- University of Oxford, Environmental Change Institute, Oxford Programme for Sustainable Infrastructure Systems, United Kingdom of Great Britain – England, Scotland, Wales (pamela.acheng@ouce.ox.ac.uk)
The road subsector is considered one of the key production sub-sectors that tends to be affected by climate and weather variability. Increased precipitation can lead to flooding that may cut-off the network, wash-away sections, and lead to landslides, while increased temperature speeds-up the ageing of materials reducing the overall life of the asset. The Highway Development and Management Model (HDM-4), one of the primary asset management tools used in developing economies was developed in the early 2000’s and used by over 1000 clients for asset investment planning. While valuable for traditional asset management, HDM-4 presents significant limitations when applied to climate resilience planning. Based on static climate assumptions, with inadequate damage assessment, and insufficient economic analysis for climate resilience planning, HDM-4 is unable to capture accelerated deterioration from extreme climates, catastrophic failures, and cascading impacts from climate change.

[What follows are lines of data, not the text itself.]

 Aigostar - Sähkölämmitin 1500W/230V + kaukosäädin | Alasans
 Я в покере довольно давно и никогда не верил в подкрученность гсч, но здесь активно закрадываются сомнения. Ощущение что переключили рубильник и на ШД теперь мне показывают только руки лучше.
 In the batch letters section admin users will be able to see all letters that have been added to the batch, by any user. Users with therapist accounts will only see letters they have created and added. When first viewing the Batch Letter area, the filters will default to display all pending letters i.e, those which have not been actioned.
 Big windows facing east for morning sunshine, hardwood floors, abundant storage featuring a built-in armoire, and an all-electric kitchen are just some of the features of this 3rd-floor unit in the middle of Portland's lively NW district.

To tackle these challenges, this research proposes two complementary approaches that address two road failure modes: (1) direct failure and (2) delayed failure. The first approach, dubbed, “Resilience Module” applies a well-known system-of-systems approach to assess the vulnerability of the asset, economically quantify direct and indirect damages from hazard events, and propose adaptation interventions that provide the best returns. The second approach addresses the gradual “delayed failure” modes. Unlike landslides or floods that typically cause sudden damage to assets, extreme heat and some flooding events affect roads through progressive deterioration of the road pavement. This approach addresses these failures through climate-shift factors that were statistically derived to modify the existing deterioration equations. By determining which climate variables are most influential to road pavement deterioration, the research developed a set of multiplier factors that adjust HDM-4’s existing deterioration equations to capture intensifying extreme-heat conditions, flooding, and compound climate stressors.

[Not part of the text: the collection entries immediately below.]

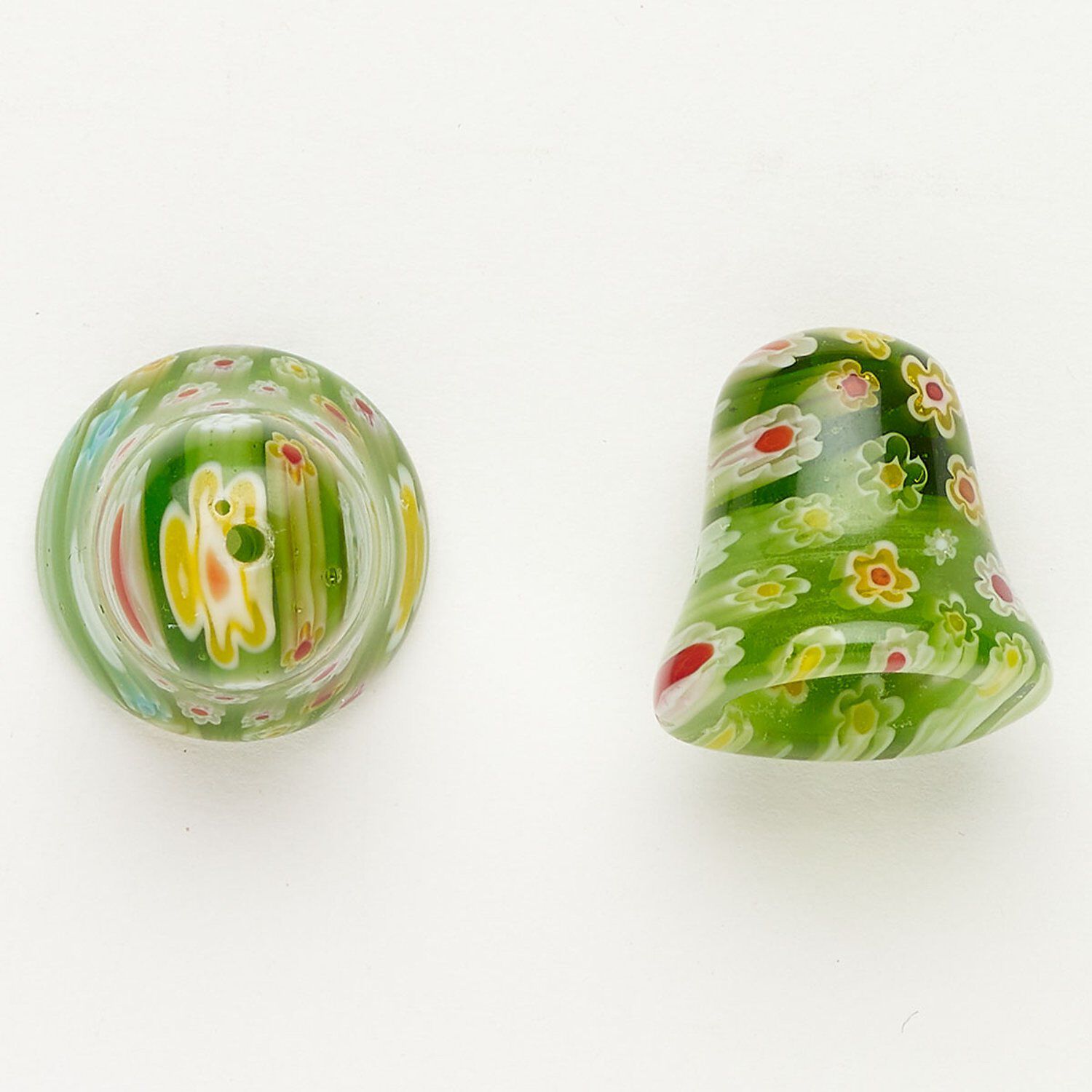 Cord end 1pkg1 millefiori glass, translucent and transparent multicolored, 17-18mm bell.
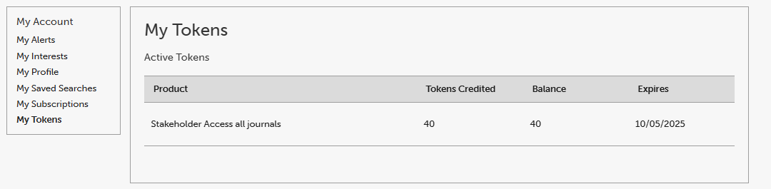 You can keep track of your allowance by logging into your profile at www.emerald.com/login and clicking on 'My tokens':
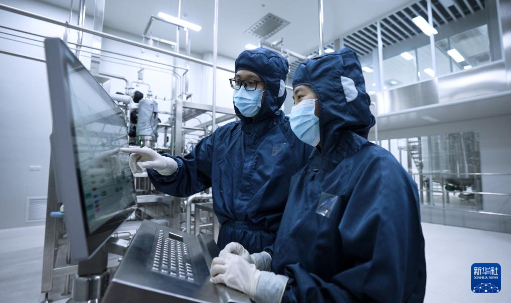 工藝工程師在北方藥谷德生生物醫藥產業園一期抗體原液車間工作(資料照片)。新華社發
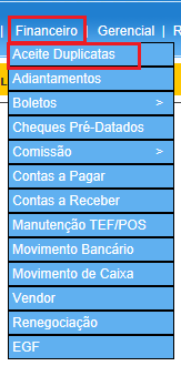 Para acessar Financeiro - Aceite de Duplicatas, use o Menu “ Financeiro – Aceite Duplicatas”
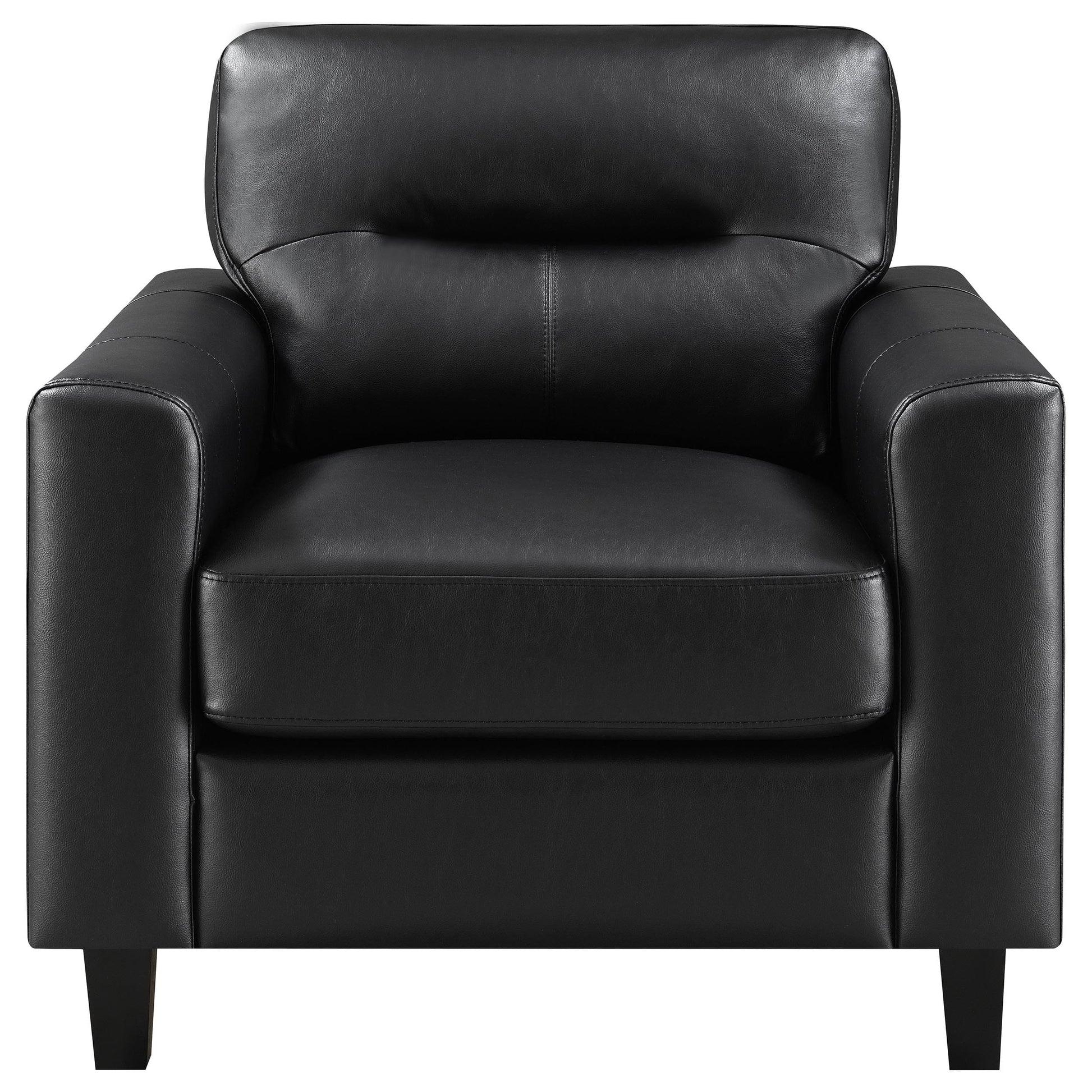 • Black leatherette upholstery defines each piece with soft matte uniformity
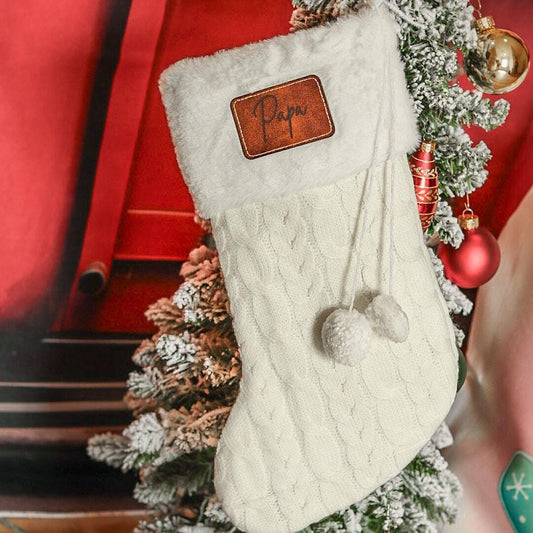 Personalized Cable Knit Christmas Stockings, Custom Stocking with Engraved Leather Patch, Holiday Stocking Gift for Family

Together, these approaches build on HDM-4’s strength of prediction, based on historical conditions to create a model that can handle future climates. The framework allows for the quantification of direct and indirect costs from catastrophic events, and accelerated deterioration estimates from changing conditions. It provides a comprehensive risk assessment that integrates exposure analysis, vulnerability evaluation, economic impact estimation, and increased maintenance costs from accelerated degradation across road assets.

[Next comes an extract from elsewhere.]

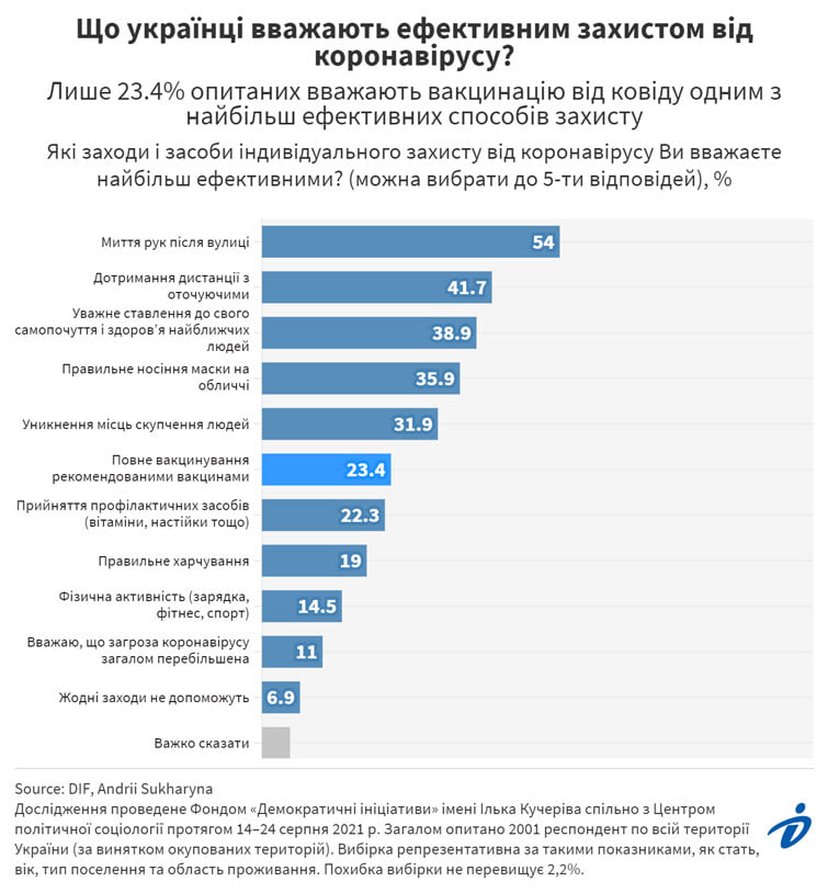 Варто підкреслити, що 22% вважають ефективним вживання засобів профілактики (наприклад вітамінів), що є приблизно співмірним з кількістю людей, які ефективним способом захисту вважають вакцинацію.
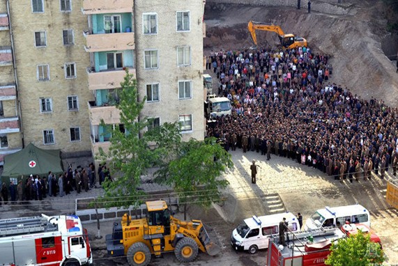 朝鮮18日罕見地報道一起上周發(fā)生在首都平壤的“嚴重”事故:一座在建高層公寓樓坍塌加固,造成人員傷亡;因平壤市平川區(qū)公寓施工質(zhì)量低劣、工作人員監(jiān)管不力,本月13日發(fā)生嚴重崩塌事故,造成大量人員傷亡。但報道沒有透露事故發(fā)生的具體背景和人員傷亡數(shù)字。多名高級官員則罕見地面對民眾公開道歉。朝鮮中央通訊社當天播發(fā)英文報道,事故13日發(fā)生于平壤市平川區(qū),原因是施工草率,一些干部監(jiān)管不力,且態(tài)度不負責任。報道沒有提及傷亡人數(shù)。平壤市黨委責任書記金秀吉說,最高領導人金正恩元帥接到關于事故的匯報后,“心如刀割,徹夜未眠”,指示黨、國家和軍隊領導干部撇開一切其他工作,趕赴事發(fā)現(xiàn)場指揮搶救行動,以盡早從損失中恢復過來。

By working within existing institutional frameworks and tools, this methodology gives road agencies a practical pathway to integrate climate change into infrastructure planning. This is crucial in ensuring that the limited adaptation resources are invested purposefully where they can deliver the greatest resilience benefits against mounting climate pressures.
How to cite: Acheng, O. P., Pant, R., and Hall, J.: Can Roads Designed Yesterday Survive Tomorrow? Adapting Asset Planning Tools for Climate Change, EGU General Assembly 2026, Vienna, Austria, 3–8 May 2026, EGU26-15482, https://doi.org/10.5194/egusphere-egu26-15482, 2026.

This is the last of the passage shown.